I was however noting the other day when you posted pictures that your daughter has the most amazing large and beautiful eyes.
And what ita, and tommy, said. This whole big blackboard of equations that resolves to those tiny, unrelated letters. Just purty.
a PC way of living articulated by Lesbians
Huh. I'm a lesbian. Who knew?
Women who follow this life script based upon biology rather than a PC way of living articulated by Lesbians are more likely to have a successful family and a happy husband.
Yes, I'm sure it's just the misguided desire to be PC keeping all those Lesbians from having happy husbands...
I went and read the Salon letters, for I am weak. And now, also horrified. I'm thinking that the whole "editor" concept is kind of key to LTE -- otherwise, you have wanky blog comments instead.
In more fun news (really!), my math ran out of steam in the 3rd semester of calc. I still had that beautiful eureka thing going with all the concepts at that point, but my lifelong habit of never doing the homework finally caught up with me. I never got to the more advanced stuff -- which I agree is all about the beautiful and the visual and the patterns and stuff just FITS, damn it, and not about the numbers much at all -- except as a bystander, and I still dream of grasping topology.
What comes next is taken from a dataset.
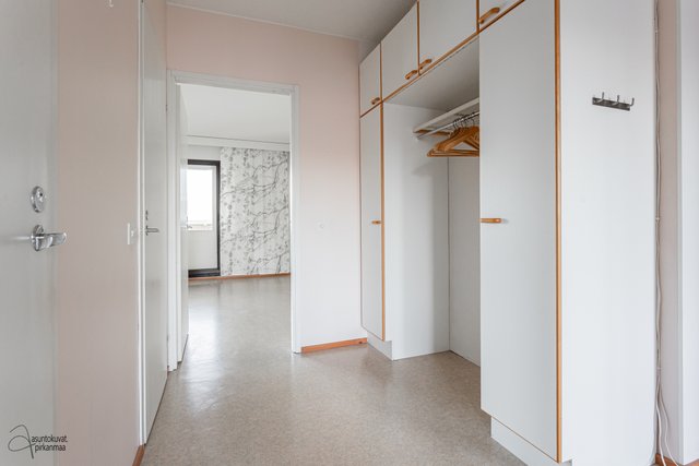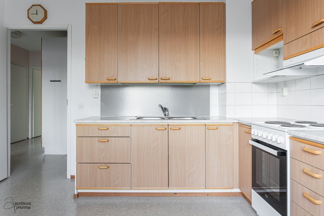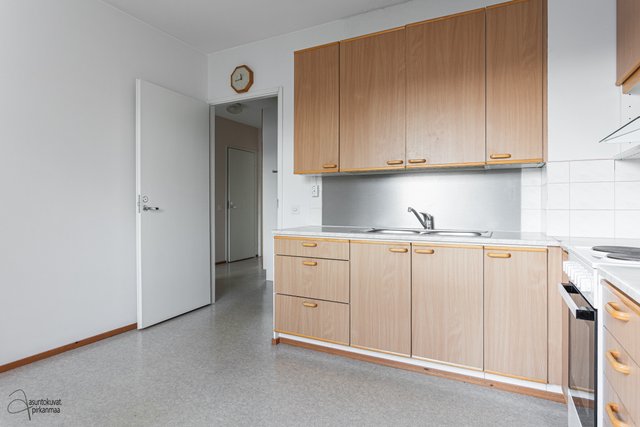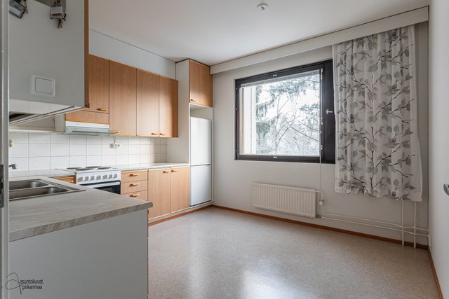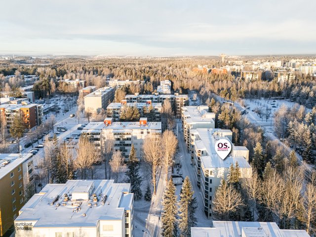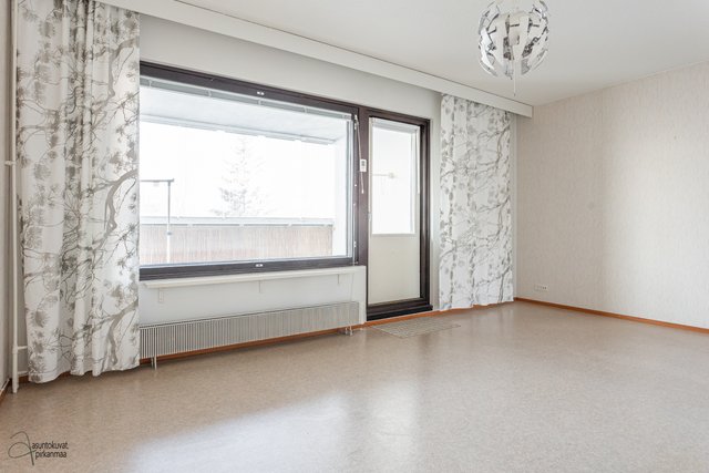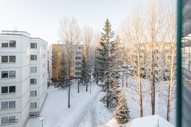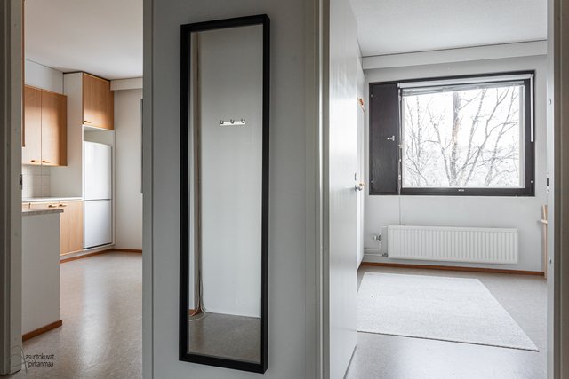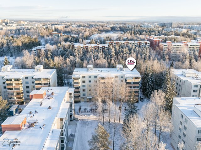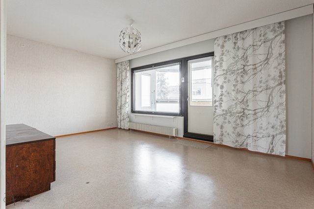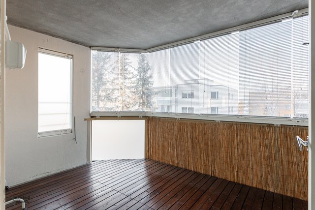 Asunnossa on käytännöllinen pohjaratkaisu: erillinen keittiö, makuuhuone sekä avara olohuone. Asunnon kruunaa erittäin tilava parveke, jota on laajenettu samalla, kun talo on maalattu vuonna 2001. Pesuhuoneeseen mahtuu hyvin pyykinpesukone ja oman saunan löylyistä on mukava nauttia. Erillinen wc on plussaa.

My obligatory math rant, though, is about alg2/trig/pre-calc. It's incredibly telling, and really typical of much wider populations than here, that so many people have posted that they liked algebra and geometry and then tanked. Those are clear and well-defined and graspable things, with some real joy to them. So is calculus. But the educational biz has a bunch of other stuff that they have to stick in there somewhere before you get back to the fun stuff, and they long ago settled on doing it in the form of a couple years' force-feeding of rote memorization and looking up stuff in tables (for lo, I am of the pre-yes you can use a calculator in school generation) and assorted crap that's not really obviously related to anything else you do before or after. And unless you're one of the ones who's wired to go on with it (in which case you're going to endure all the crap anyway), it falls at just the time where they say "you're done with your high school requirements, so you don't really need to do this any more (and we'll just do you a huge disservice by ignoring the fact that it's gonna really suck to try to pick this up again when you have to do it in college when you're a year or two out of practice, for the math, she is like a muscle that can atrophy), and, well, I guess you're just
not a math person."
And so it's no wonder so many people burn out at exactly that point.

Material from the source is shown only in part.